- 2019 poster for Return
- Directed by: Mostafa Gholami
- Narrated by: Mojtaba Soltani
- Distributed by: Daria Film
- Release date: 21 March 2019;
- Running time: 1 minutes
- Country: Iran
- Language: Persian
- Budget: 1,000 USD

= Return (2019 film) =

Return is a 2019 Iranian short film directed, produced and written by Mostafa Gholami. The minute-long film deals with the issues of organ donation and organ transplantation. At the "Big Syn" film festival in London, it was nominated for the best film from the audience's point of view and won the "special mention award" in the Public Service Announcements. This festival is held every year under the supervision of the United Nations. This film has been screened in 15 international festivals.

== Background ==
Mostafa Gholami created the film to spread awareness and promote the idea of using braindead patients for organ donation.

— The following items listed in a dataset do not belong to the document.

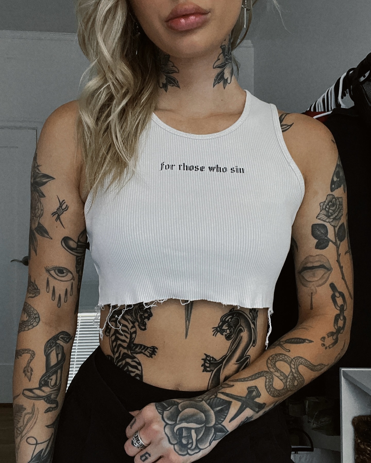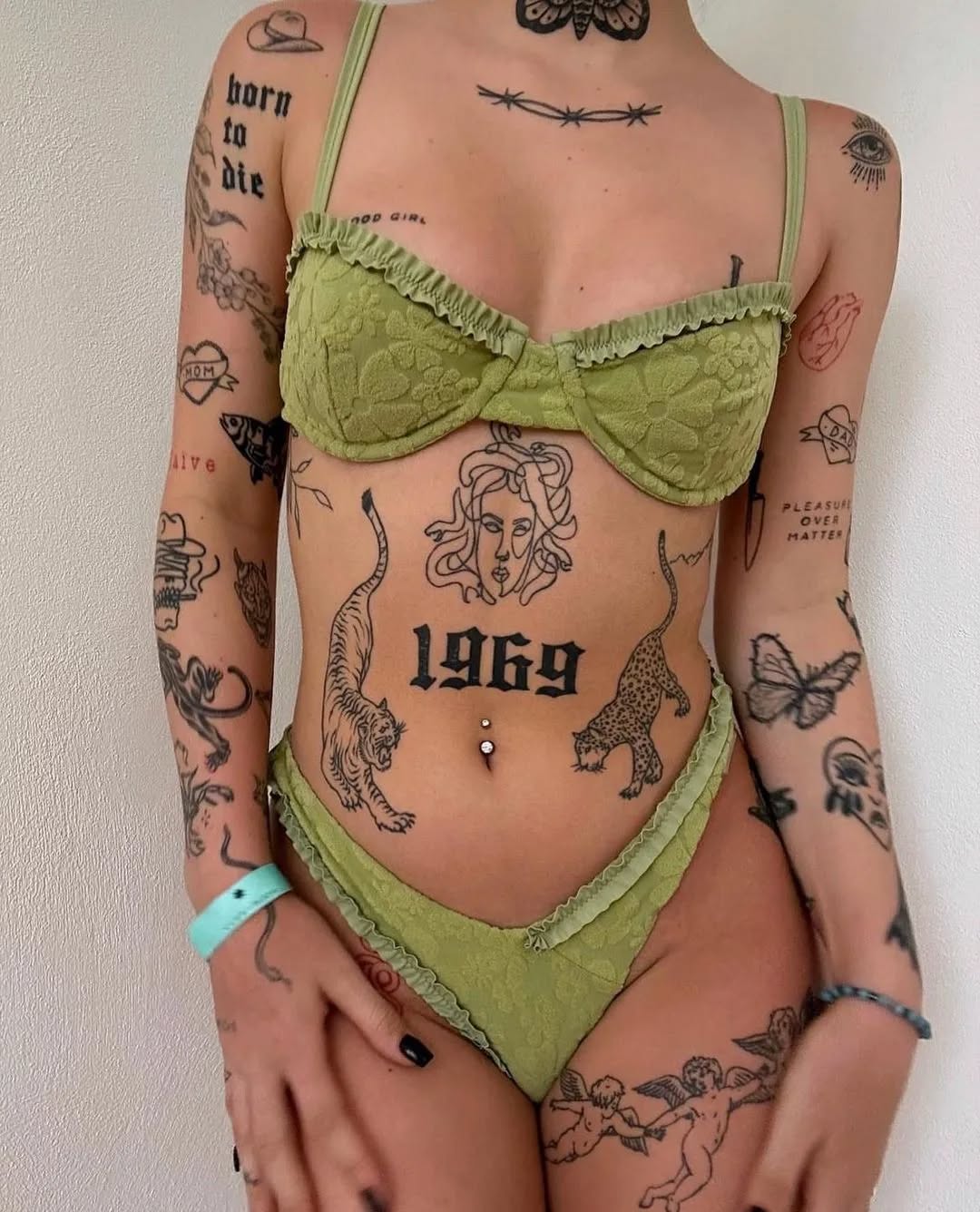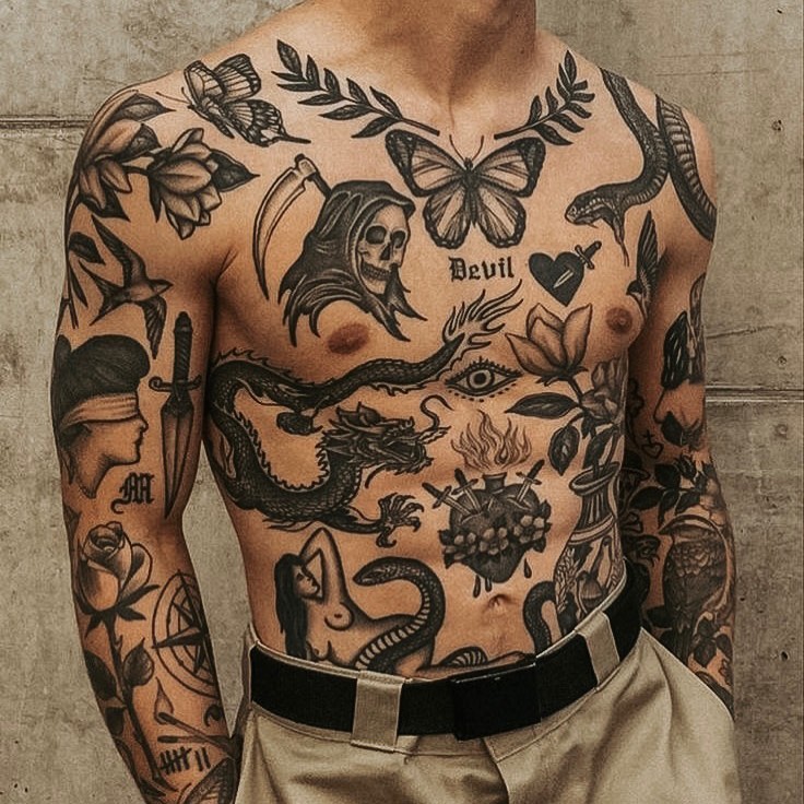 This striking image showcases a body adorned with a variety of tattoos, each telling a different tale. From mythical creatures to symbolic designs, the patchwork of ink reflects the wearer s unique journey and interests. For those considering a similar style, mixing different themes can create a captivating look that truly represents personal experiences and beliefs.
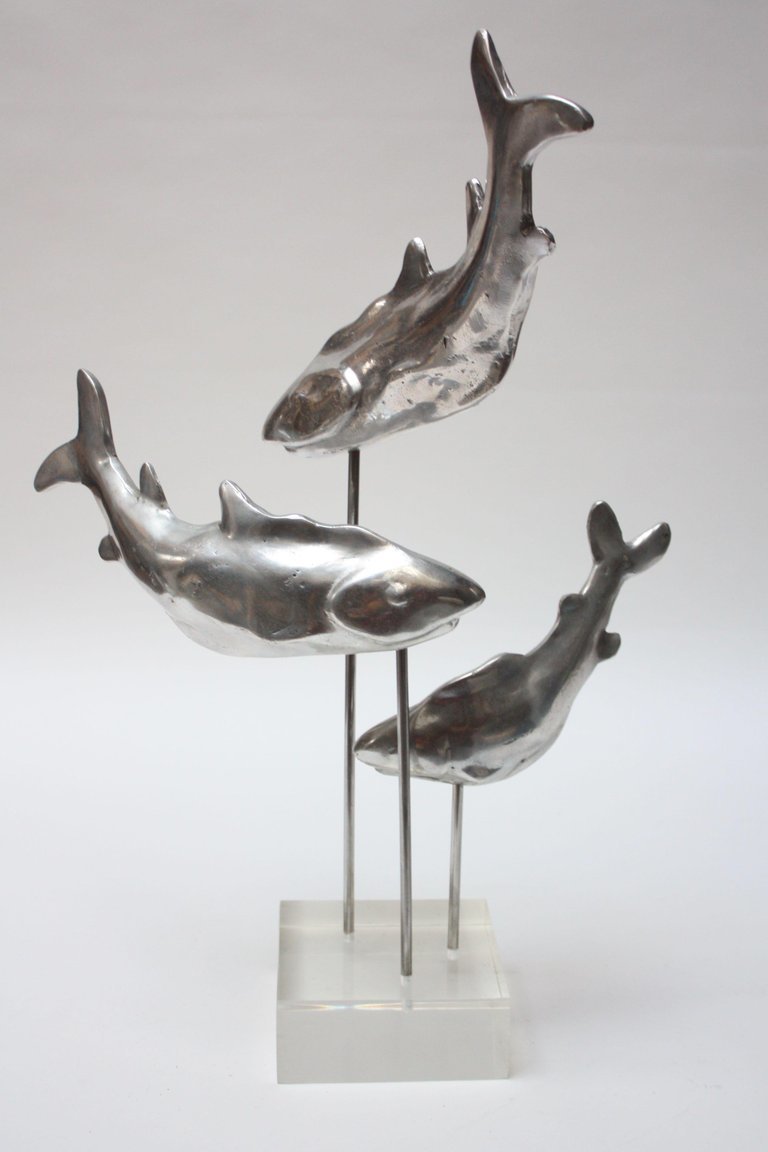 सिल्वर ऑरेल होम एल्यूमीनियम समकालीन शार्क मूर्तिकला
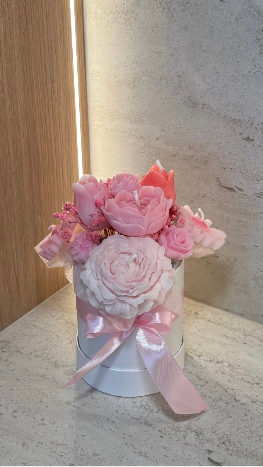 Frakt inom hela Sverige eller hämta på plats. Ljusbukett gjord av stearin- och sojavax.
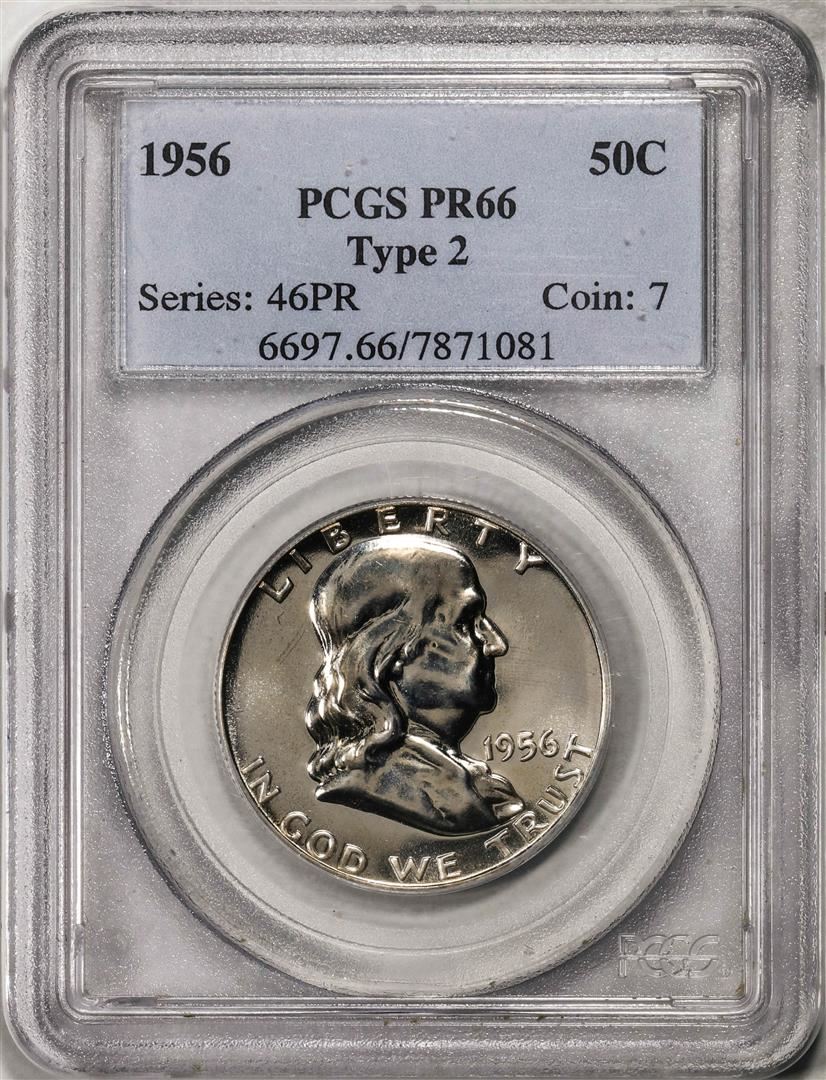One 1956 Type 2 Proof Franklin Half Dollar Coin PCGS PR66. PCGS Graded.
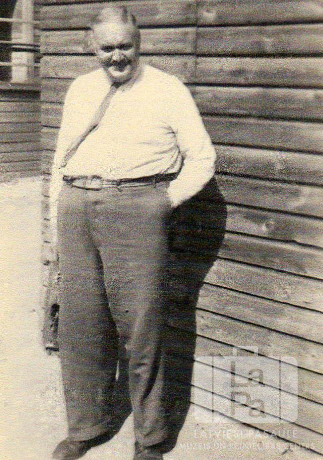 Edvards Virziņš, Pegnicas nometnes (amerikāņu zonā) komandants, stāv pie koka ēkas stūra.
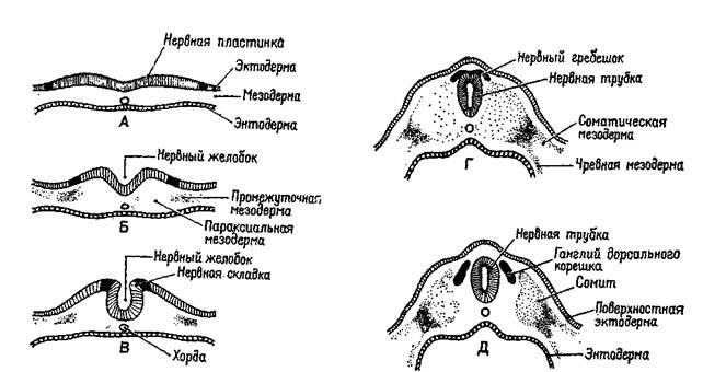 Рис, IX-5, Схема формирования нервной трубки, из которой в дальнейшем развивается спинной и головной мозг (Truex, Carpenter, 1969).
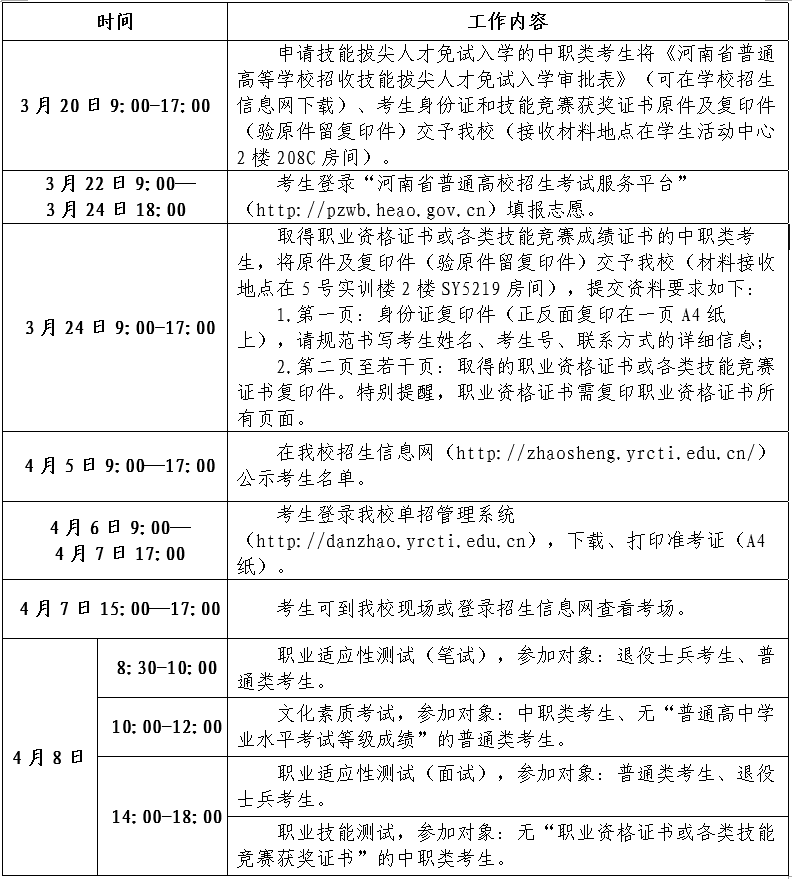 符合上述技能拔尖人才免试入学条件的考生,请于2023年3月20日9:00-17:00,由生源学校或本人将个人资料(考生身份证复印件、技能竞赛获奖证书复印件、《河南省普通高等学校招收技能拔尖人才免试入学登记表》一式三份)报送至我校(材料接收地点在学生活动中心2楼208C房间),对未按时报送上述资料的考生,视为放弃技能拔尖人才免试入学资格,按照中职类考生参加相应的考试。申请免试入学的专业,须为所获奖项的相关专业。

== Awards and nominations ==

- Getting to the final stage of the 1th "Big Syn" London International Film Festival; and nominated for the best film award from the eyes of the audience; and the winner of the "Special Mention Award" in the "Public Service Announcements".
- Making it to the semi-finals of the 3rd "ESMoA" 60-Second International Film Festival in California.
- The selected of the 8th international Film Festival of 60-second "Mister vorky" in Serbia.
- The selected of the 6th 60-second international film festival "60SIFF" in Pakistan.
- The Selected by the 13th "Grand Off" International Short Film Festival in Poland.
- The selected of the 3rd International Short Film Festival "under 3 minutes in Wirksworth", in England.
- The Selected of the 6th International Women's Short Film Festival Herat "Hiwff" in Afghanistan.
- The Selected for the 7th "First-Time Filmmaker Sessions" International Short Film Festival in England.
- The Selected by the 13th "LABRFF" International Film Festival in Los Angeles.
- The selected of the 1th "Onirica" International Film Festival in Italy.
- The selected for the 1th "New Cinema film & Music Festival" Short Film Festival in United States.